The first couple duo of global banjo artistry and folk eclecticism co-bill a family effort.
You know BELA FLECK already. Master of the banjo. 13-time Grammy-winner. Conqueror of jazz, classical, bluegrass, progressive and world music. Teacher, student and all-around guru of his instrument.
You likely know ABIGAIL WASHBURN already, too. Wizard of clawhammer banjo, collaborator extrordinaire with old-time music maestros Uncle Earl, with John Paul Jones, The Duhks and many more, world traveler, producer and playwright. A musical force to be reckoned with on all fronts.
Bela Fleck & Abigail Washburn will play in Athens at the UGA Performing Arts Center on Weds., March 22nd. Show Info.
The team of Fleck and Washburn’s first musical collaboration was in an unconventional string quartet comprised of two banjos, cello and violin and called The Sparrow Quartet, which they followed up with some touring as a duo.
After joining in holy matrimony, they put out an amazing self-titled disc n 2014, which went on to garner a Grammy nomination for Best Folk Album. The album avoids self-indulgence and instead delivers 11 concise, thrilling tracks of intricate stringed conversation, dazzling ad-libbed jazz, cultural wanderlust and even a little blues. Washburn’s intense, fiercely emotional vocals soar over these arrangements with a marvelous confidence, full of honey and vinegar. By the time it’s over, you’ll be dazzled by the sheer craft and creativity within.
Alive and in constant motion, the banjo duo discourse provides a wondrously open backdrop for Washburn’s vocals. It takes some doing to revitalize a warhorse like “I’ve Been Working On The Railroad,” but Washburn does it. She emphasizes the work-song cadence while glancing gently at the blues, and at the same time somehow conjures a wide-eyed sense of wanderlust – a feeling ported directly from that long-gone age when the railroad inspired reverence.

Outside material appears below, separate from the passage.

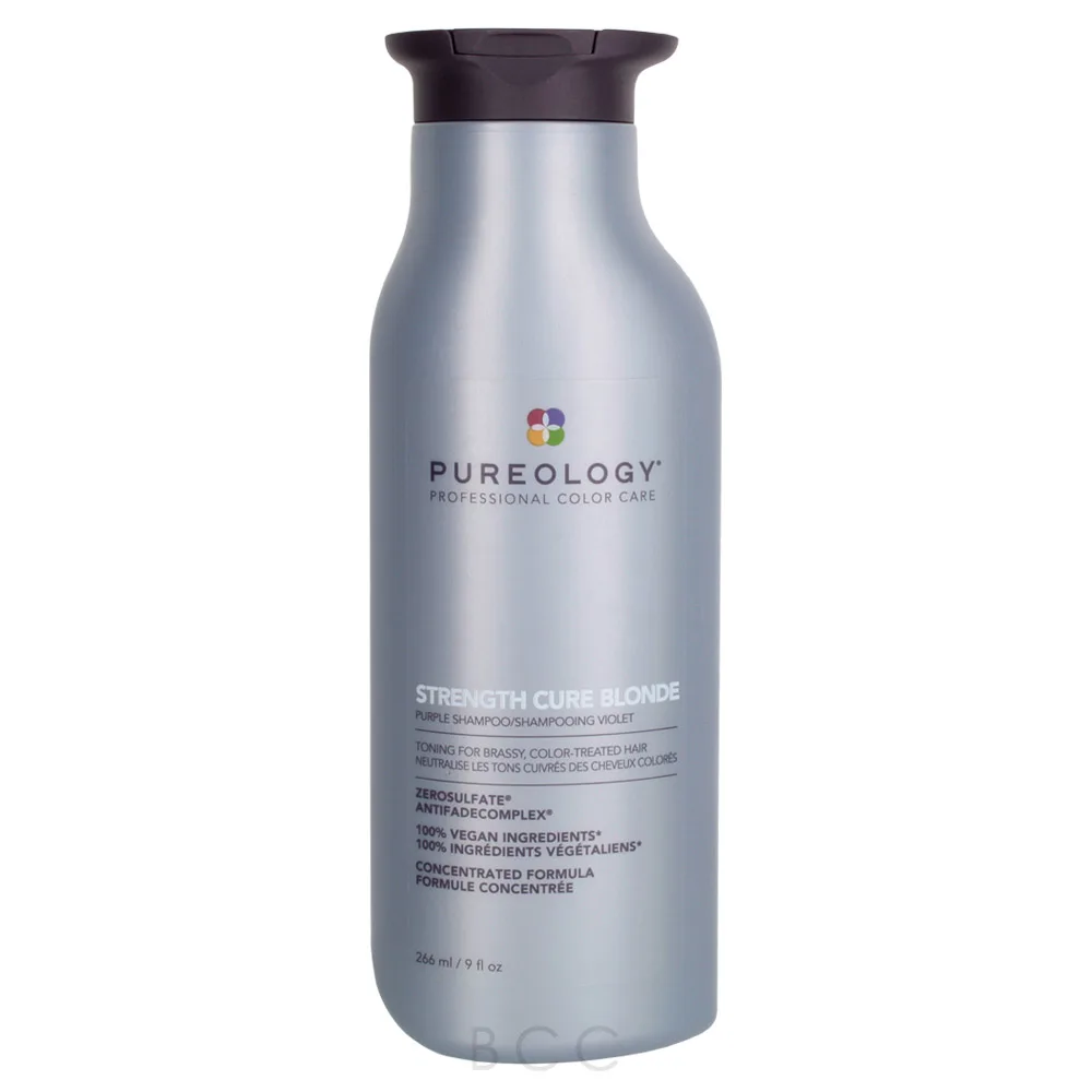 The Pureology Strength Cure Blonde Purple Shampoo is a shampoo designed with violet pigments and Pureology's exclusive AntiFade Complex to tone and neutralize brassiness in blonde hair. This complex is formulated with Sunflower Seed, a UV Filter, and Vitamin E to fight color-depleting environmental effects while ensuring lasting shine. This shampoo also uses plant-based protein Keravis to strengthen strands and prevent damage while the powerful antioxidant Astaxanthin helps heal and repair. Bright Purple Orchid not only provides natural violet toning properties but also softens hair strands. The Pureology Strength Cure Blonde Purple Shampoo leaves fragile, over-processed hair strengthened and renewed. It features an intoxicating scent of fruity Pear and soft, floral Rose is finished with just a touch of Sandalwood.

She’s so uncontrived and uncomplicated and entirely believable, she could be from that era. She’s believable when singing in a more modern folk idiom, too: In Fleck’s dystopian “What’cha Gonna Do,” her voice asks a hypothetical question about an end-times scenario in which the “land goes into the water.” One minute she could be castigating corporate polluters, the next minute she sounds dismayed about humanity’s chances, and the next she’s singing with fierce yet intimate urgency, as if trying to rouse someone who’s been sleeping for too long. The material on this self-titled set, recorded shortly after the birth of the couple’s son Juno, covers an impressive range. There are wistful, singer-songwriterly originals (Washburn’s “Ride To You”) and old Appalachian classics (“Pretty Polly”), murder ballads and songs about the afterlife.